Grazie e tanti auguri di buone feste a tutti!!

----------


## swami

se l'amministartore fa il solo lavoro di amministratore ( fa presenza alle assemblee  :Big Grin: ) niente INAIL ma se questo presta anche opera va iscritto, fosse anche solo per il rischio elettrico dovuto all'uso del PC ... quale lavoro svolge l'amministratore per la società?  :Wink:

----------


## ricnic

confermo la prima ipotesi. Se l'amministratore è anche socio e lavora nella srl, ha tutte le iscrizioni da fare: INPS come amministratore con %  sui compensi, INPS come commerciante, INAIL, iscritto a matricola ecc ecc.

----------


## fabrizio

> confermo la prima ipotesi.

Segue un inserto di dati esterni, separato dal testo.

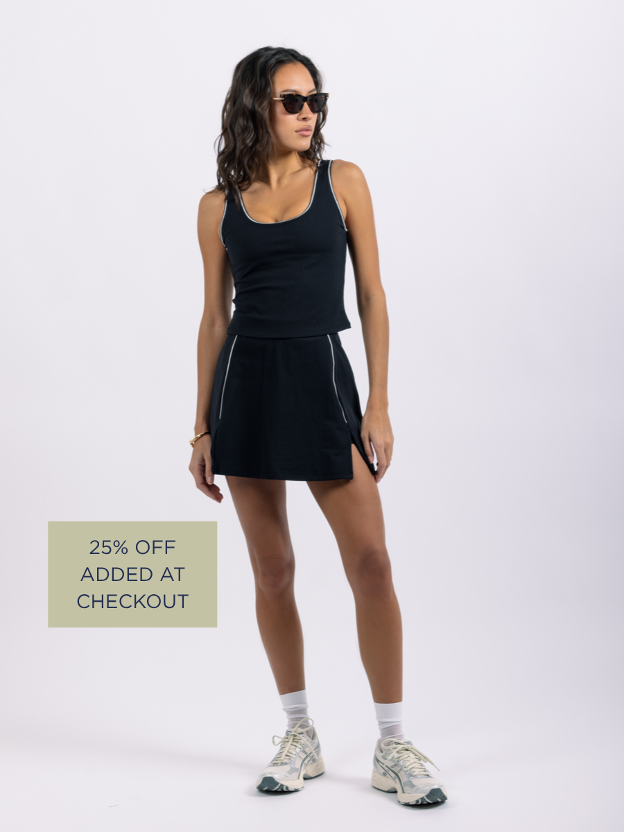 The tank you'll want in every color: The Madelyn tank is made from our signature brushed UPF50+ fabric with contrast stitching detail and a flattering scoop neck design. With a built-in shelf bra, full-length hem, and buttery soft compression feel, this tank will be a go-to in your closet.

Se l'amministratore è anche socio e lavora nella srl, ha tutte le iscrizioni da fare: INPS come amministratore con %  sui compensi, INPS come commerciante, INAIL, iscritto a matricola ecc ecc.

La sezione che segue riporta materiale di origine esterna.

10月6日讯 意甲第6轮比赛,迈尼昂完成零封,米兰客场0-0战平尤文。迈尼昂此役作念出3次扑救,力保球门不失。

  Quindi se l'amministratore non è socio e si limita a svolgere esclusivamente l'attività di amministratore basta la sola iscrizione alla gestione separata?
Ciao

----------


## fabrizio

> se l'amministartore fa il solo lavoro di amministratore ( fa presenza alle assemblee ) niente INAIL ma se questo presta anche opera va iscritto, fosse anche solo per il rischio elettrico dovuto all'uso del PC ... quale lavoro svolge l'amministratore per la società?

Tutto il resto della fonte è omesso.